One of my metrics for when an idea is feeling "right" is when it has a real-world analog that is tried and true. In this case, think of locks and keys. You might think login pages are the locks and passwords are the keys. But realistically, the analog for what we have today is really a combination lock. You have to remember, manage and protect the combination. Anybody who can obtain it can open the lock.

In this evolved password scenario, key chains and passwords are created, managed and protected like real keys. A real key isn't likely to be properly duplicated by just looking at it and you aren't likely to guess it. It requires possession of the key (or a duplicate of it) in order to gain access.

In other words, passwords change from something you know to something you possess.

It's Not a Startup Opportunity

If you've read this far, you probably have come to the same conclusion I have – this is not a startup opportunity. This is a problem of standardization and adoption by major application, framework and operating system vendors. Since this is an evolutionary approach instead of a whole new method, it's easy to imagine practical and cost-effective steps that could be taken to get there.

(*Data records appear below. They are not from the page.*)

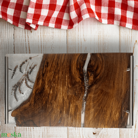 - Anyaga: diófa, élelmiszerbiztos epoxy gyanta, fa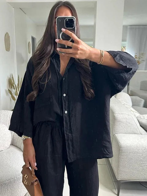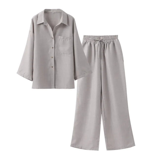 Enjoy effortless comfort and style with the Casual Cotton Linen Shirt and Pant Set. This two-piece ensemble features a single-breasted, collared shirt paired with matching pants, crafted from a breathable cotton-linen blend. The shirt’s button-down design adds a classic touch, while the relaxed fit of the pants ensures all-day comfort. Perfect for casual outings, travel, or lounging, this set offers a laid-back yet polished look.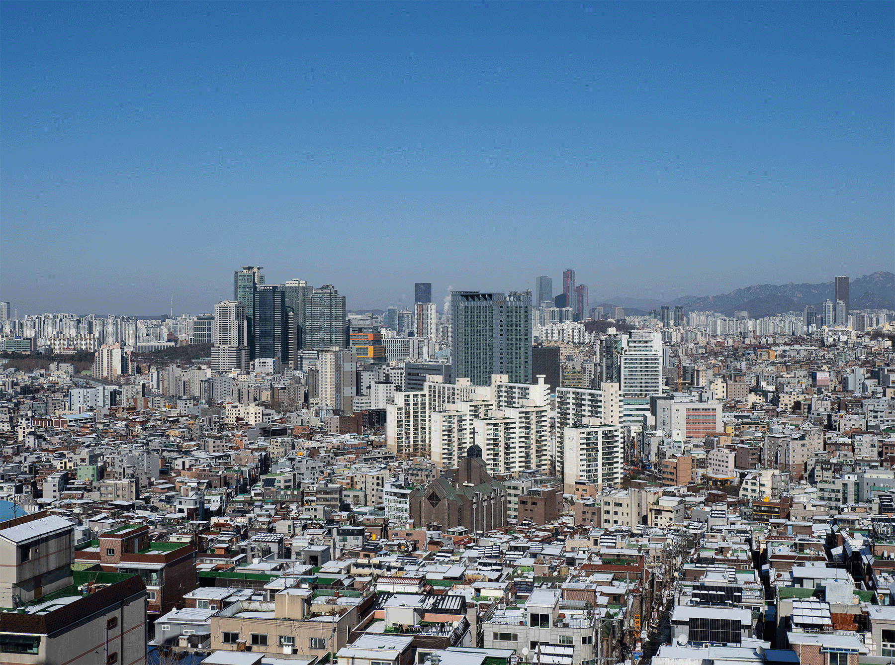 위 이미지의 경우 본래 하늘색이 파란 색이라 노을색과 혼합되어 보라색 비슷한 어정쩡한 색으로 표현되어 그다지 어울리지 않습니다.따라서 하늘이 파란색일 경우에는 사용하지 않는 것이 낫다고 봅니다. 몇 가지 예를 더 보겠습니다.겨울이라 특별히 갈만한 곳이 없어서 옥상에서 간단히 담아 봤습니다.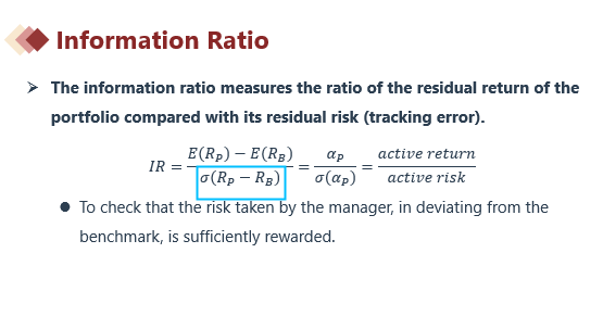 同学你好,IR的分母是tracking error 题目已经给出来了,最后一行数据,直接使用就可以。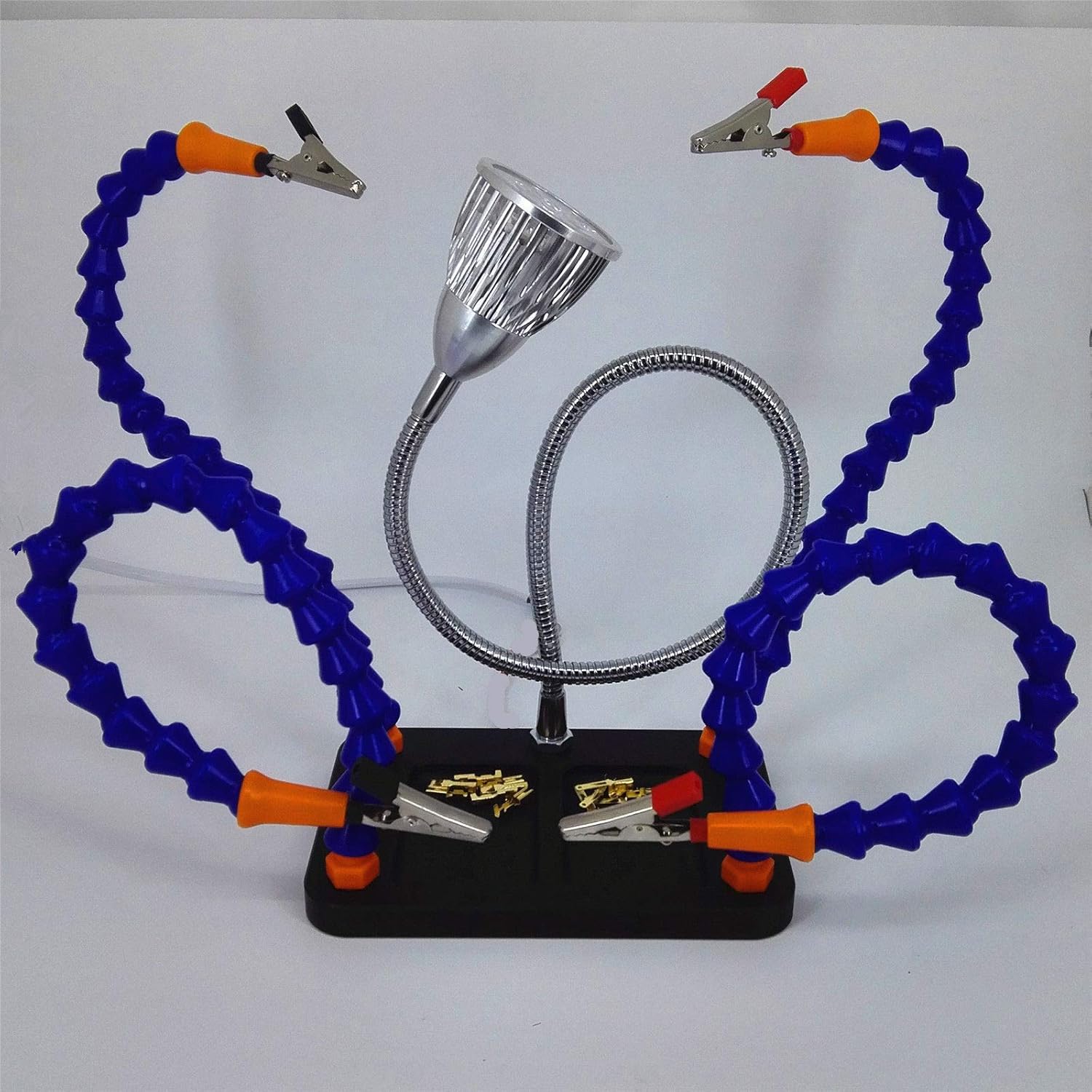 Are you frustrated with traditional third hands? Do you want a more adaptable tool? The Third Hand is the highest quality helping hand on the market! The Third Hand quickens soldering, electronics, and DIY projects allowing you to finish your work faster than ever before! Our Third Hand makes positioning a breeze with four 12” flexible arms. Hold large and irregular components easily with large alligator clips attached with protective clip covers to prevent marring. The precision machined base is anodized to last a lifetime. Dual machined pockets in the base hold small components and hardware without needing separate containers. The Third Hand comes fully assembled out of the box so you can spend more time on your latest project. (4) Flexible 12” Arm w/ Large Alligator Clip Securely attached using thread locker Precision Cut and Anodized Base (2) Pockets to hold loose component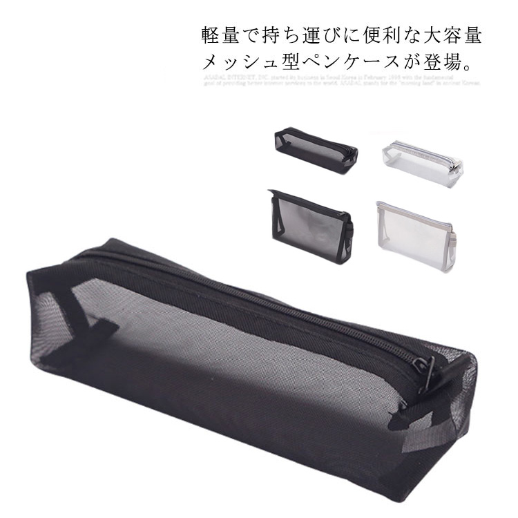 ペンケース 筆箱 ポーチ おしゃれ シンプル メッシュ 学生 透明 軽量 大容量 筆入れ 文房具収納 化粧ポーチ 薄型 無地 小物入れ 収納用品 男女兼用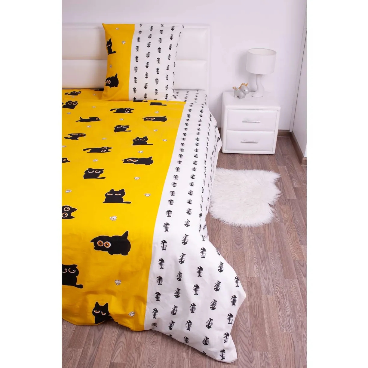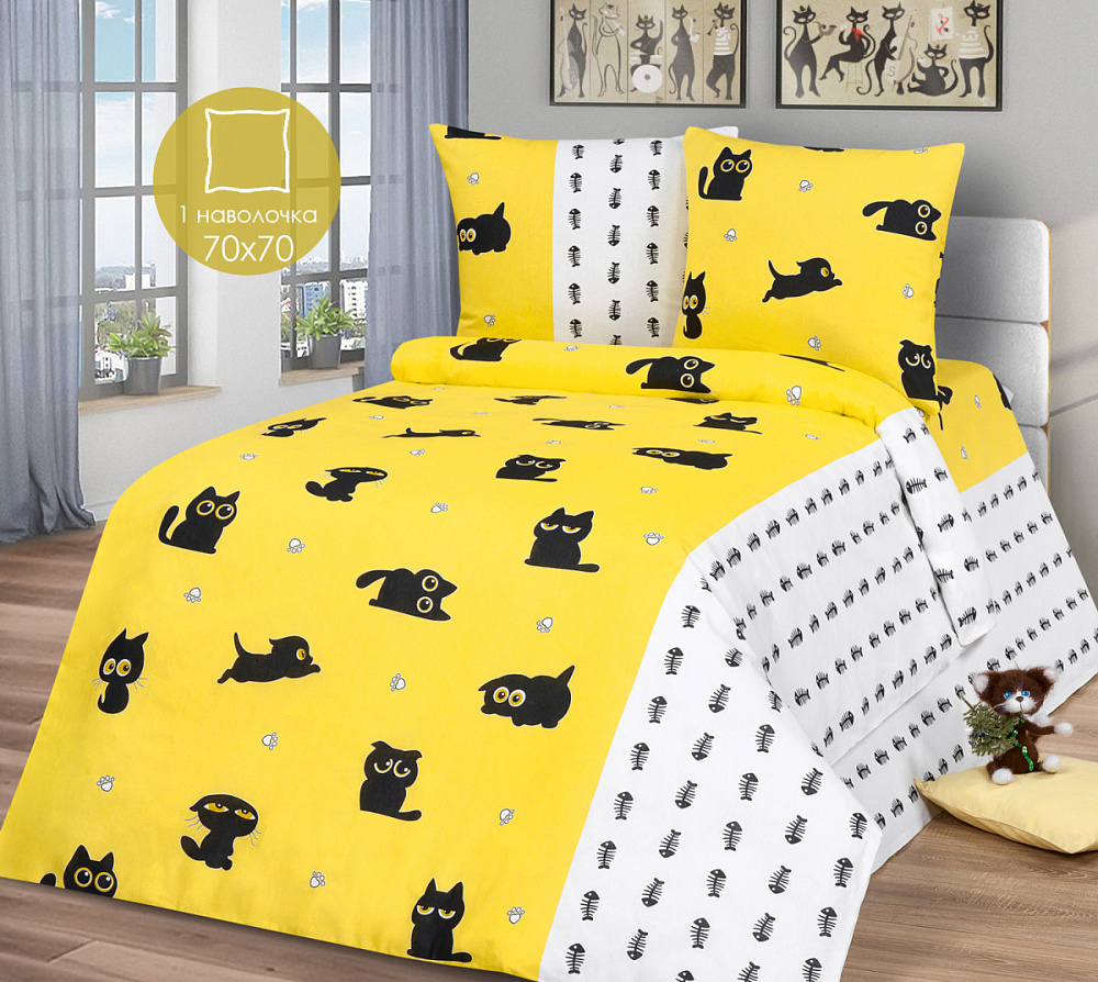 Комплект постельного белья Миланика Томас 1.5 спальный бязь в комплекте: одна простыня, один пододеяльник и наволочка. Материал - качественная и прочная бязь. Дизайн выполнен в желтых и белых оттенках с изображением котиков. Такой комплект идеально подойдет для детей и создаст атмосферу уюта и легкости в спальне. Уход за постельным бельем Миланика Томас не вызовет трудностей - стирка при 40 градусах без отжима, сушка в расправленном виде, глажка с изнаночной стороны на минимальной температуре.

I believe whether or not anybody actively plans this outcome, this is where the problem will ultimately evolve to anyway following the current course. But the description presented here isn't a complete solution as authentication is a large and thorny problem. What about password resets if my key chain loses a key? How do I access websites when I'm not on one of my devices? Feel free to chime in with your thoughts in the comments and add to the discussion.

It's not a problem a startup will come along and magically solve. It's our problem to solve right now.